Enviado dos EUA vem ao Brasil tratar de Irã e Honduras

A advertência da secretária de Estado dos Estados Unidos, Hillary Clinton, sobre a aproximação dos países bolivarianos com o Irã, chegará nesta segunda-feira ao Planalto de maneira ainda mais contundente. Arturo Valenzuela, responsável pela América Latina e o Caribe do governo americano, desembarca na noite de hoje em Brasília para uma visita de menos de 24 horas.

AE, Agencia Estado

13 de dezembro de 2009 | 08h06

Valenzuela vem fazer lobby junto ao ministro da Defesa brasileiro, Nelson Jobim, em favor da Boeing na licitação para a compra dos novos caças da FAB (Força Aérea Brasileira), mas o ponto mais sensível dos encontros do diplomata é o que a Casa Branca considera um excesso do governo Luiz Inácio Lula da Silva na esfera internacional: a visita, no mês passado, do presidente do Irã, Mahmoud Ahmadinejad.

O enviado dos EUA vem atrás, também, de uma flexibilização da posição do Itamaraty em torno da crise em Honduras - o Brasil dá sinais de que pode reconhecer o governo eleito, de Porfírio "Pepe" Lobo, que toma posse no próximo mês, mas ainda insiste, pelo menos formalmente, na volta do presidente deposto Manuel Zelaya ao poder.

Depois da passagem rápida pelo Brasil, Valenzuela seguirá para Argentina, Paraguai e Uruguai. O período curto será suficiente para que as mensagens de Washington alcancem o assessor da Presidência para Assuntos Internacionais, Marco Aurélio Garcia, o secretário-geral das Relações Exteriores e ex-embaixador nos EUA, Antônio Patriota.

Visita do Irã

A decisão do Brasil de receber Ahmadinejad estará no centro das conversas de Valenzuela.

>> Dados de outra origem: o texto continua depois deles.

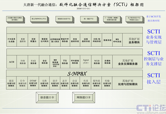 案例:我與大唐中聯(lián)(大唐融合)、和創(chuàng)世紀、華夏成訊等公司的技術開發(fā)人員經過幾年來的摸索與實踐開發(fā),提出軟件化融合通信解決方案(SCTI)。通過計算機的軟件(通信服務系統(tǒng))來實現(xiàn)交換機上的所有通信功能,在互聯(lián)網上實現(xiàn)所有傳統(tǒng)通信網上的所有功能、還實現(xiàn)互聯(lián)網上的新的通信功能,在與傳統(tǒng)通信網上相連,只需增加一塊語音接口卡,就能實現(xiàn)互聯(lián)網與傳統(tǒng)通信的統(tǒng)一。此方案的成本比統(tǒng)一通信、融合通信等解決方案的成本要降幾十倍到上百倍。

O governo brasileiro teve oportunidade de evitar o controvertido encontro quando o iraniano cancelou sua visita agendada para maio. Quando finalmente ele ocorreu, foi marcado pelas declarações de apoio do Brasil ao programa nuclear iraniano em um período sensível - depois que foi revelada a existência de uma usina clandestina de enriquecimento de urânio na cidade de Qom.

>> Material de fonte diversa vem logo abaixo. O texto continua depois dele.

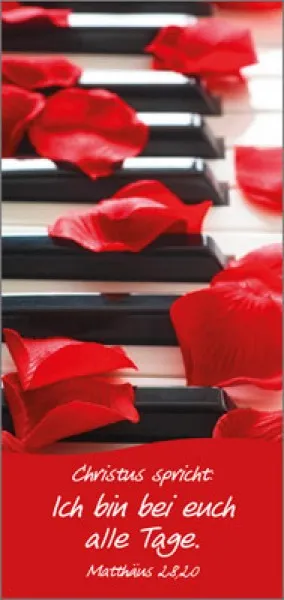 Magnet-Lesezeichen mit dem Bildmotiv Klaviertasten und rote Rosenblätter Formschöne Magnetlesezeichen# Format 9,5 x 4,5 cm hochwertiges Kartonpapier farbiger Fotohochglanz-Druck 2 Magnete um das Lesezeichen rutschfest einzulegen Bibelvers Matthäus 28,20

Além disso, Teerã recusa-se a aceitar uma proposta negociada com o Ocidente e a Agência Internacional de Energia Atômica para que o Irã enriquecesse urânio para a produção de energia em terceiros países - como Rússia e França.

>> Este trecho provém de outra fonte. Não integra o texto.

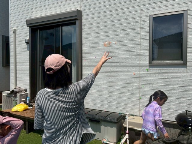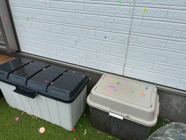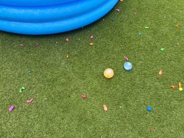 だが……30分ほど投げまくったあと、冷静に辺りを見て絶句する。割れたバルーンのゴム片が庭じゅうに散乱。
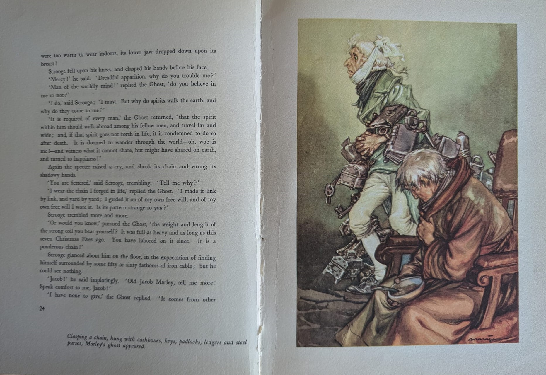 Which would be a considerable feat in itself since this is a fast-paced, thoroughly engrossing tale with enough humor, excitement and tender moments to keep anyone intrigued long enough to finish the story. The plot is well-known: Scrooge is a bitter old man, selfish and alone, who sees no value in the celebration of Christmas, largely because it centers around a profound sense of joy for which he has no utilitarian purpose. To help him see the error of his own ways, Scrooge is visited first by his old colleague Bob Marley—now a ghost—who informs him three spirits will be arriving to take him on a tour of his own life. The spirits are punctual, and before the end of the night old Ebenezer has revisited key Christmases in the past as well as a very dark one yet-to-come, exposing a life of pain inflicted and pain endured. His consequent jubilant surrender to good-will and "Christmas cheer" is one of the high points in literature.

A declaração de Lula de que os EUA e a Rússia não têm "autoridade moral" para exigir o fim do programa nuclear do Irã, feita ao lado da chanceler alemã, Angela Merkel, também foi registrada pelo Departamento de Estado. O encontro do ministro das Relações Exteriores, Celso Amorim, com Ahmadinejad, no Irã, reforçou as preocupações de Washington com o esforço brasileiro de romper o isolamento que os EUA, com respaldo da China e da Rússia, conseguiram impor a Teerã. As informações são do jornal O Estado de S. Paulo.